There are also indications that this is part of attempts being made to play down the extent of the fraud. Revenue recovery proceedings were started in March last, based on the report of the Joint Registrar of Cooperatives, after no one repaid the money even after they were given sufficient time to do so.

Although investigations, including that conducted by the Crime Branch, had found that there were large-scale fraudulent operations in giving loans and accepting deposits under the two governing boards of the CPM in the Karuvannur bank from 2014, only members of the second governing board and bank employees have been listed as the accused.

District Collector V R Krishna Teja ordered recovery of Rs 125.83 crore from 24 of these persons. Among them, only members of the governing board have been imposed amounts proportional to the defrauded amount. Commission agent Bijoy, who has been found to have perpetrated a fraud of Rs 35.65 crore, has been asked to pay back only Rs 20.72 lakh.

Similarly, while it was found that the bank manager, Biju Karim, had swindled the bank of Rs 25.85 crore, has to repay only Rs 12.16 crore. C K Jills, former accountant of the bank, who had embezzled Rs 5.73 crore, will have to pay back only Rs 19.99 lakh. The official explanation is that evidence of their culpability in the fraud has been found only to the extent of these amounts.

However, even if Rs 125 crore is realised through revenue recovery, that will not be a solution to the distress of the depositors of the Karuvannur Bank who have lost their money.

The bank has to repay around Rs 141 crore to investors in just the different deposit schemes. There are other categories of depositors too. There are also cases of people being saddled with the liability of repaying loans that they had never taken.

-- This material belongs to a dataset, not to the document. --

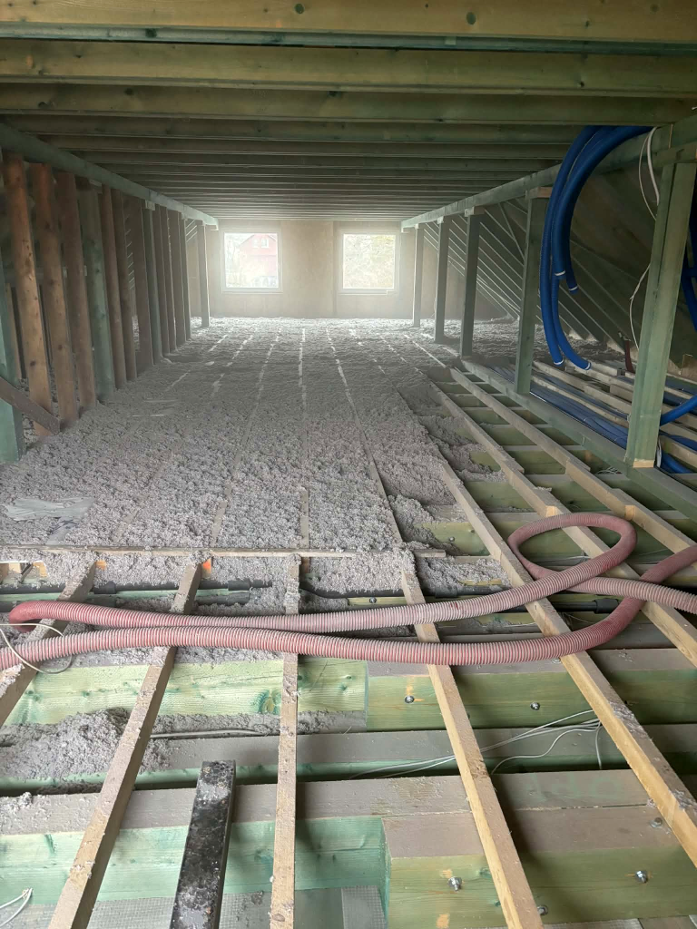 Látszik az egyik munkánkon, hogy a befújásra váró tér ~35 cm vastag. Ezt a hagyományos hőszigetelő módszerrel nehézkes lett volna elvégezni. Viszont a celluló szigetelő módszerrel könnyedén, gyorsan és ami még fontosabb: szinte BONTÁS NÉLKÜL sikerült megcsinálni.

The present situation is such that Rs 175 crore that had been embezzled through various ways including the purported loans, remains accountant for. The liability of the accused came down to Rs 125 crore close on the heels of the extent of the embezzlement being pegged at Rs 227 crore in the Crime Branch investigation into the Rs 300-crore fraud.

MV Suresh, the petitioner in the case and chairman of the Janakeeya Prathirodha Samithi (People’s Resistance Forum) alleged that there was a political conspiracy behind the reduction of the liability of the accused to Rs 125 crore. The figures in the report of the Joint Registrar are wrong, he said. The fraud was being perpetuated by reducing the liability of the accused, Suresh said.

Bijoy invested loot in Dubai and China? ED to investigate

It is learnt that commission agent, A K Bijoy, who swindled money from the Karuvannur Cooperative Bank, invested the money in Dubai, China, Singapore, and Thailand. The Enforcement Directorate (ED) is scrutinising in detail the travels undertaken by Bijoy to these places.

The links Bijoy has with the business that his relative is running in China are also under investigation.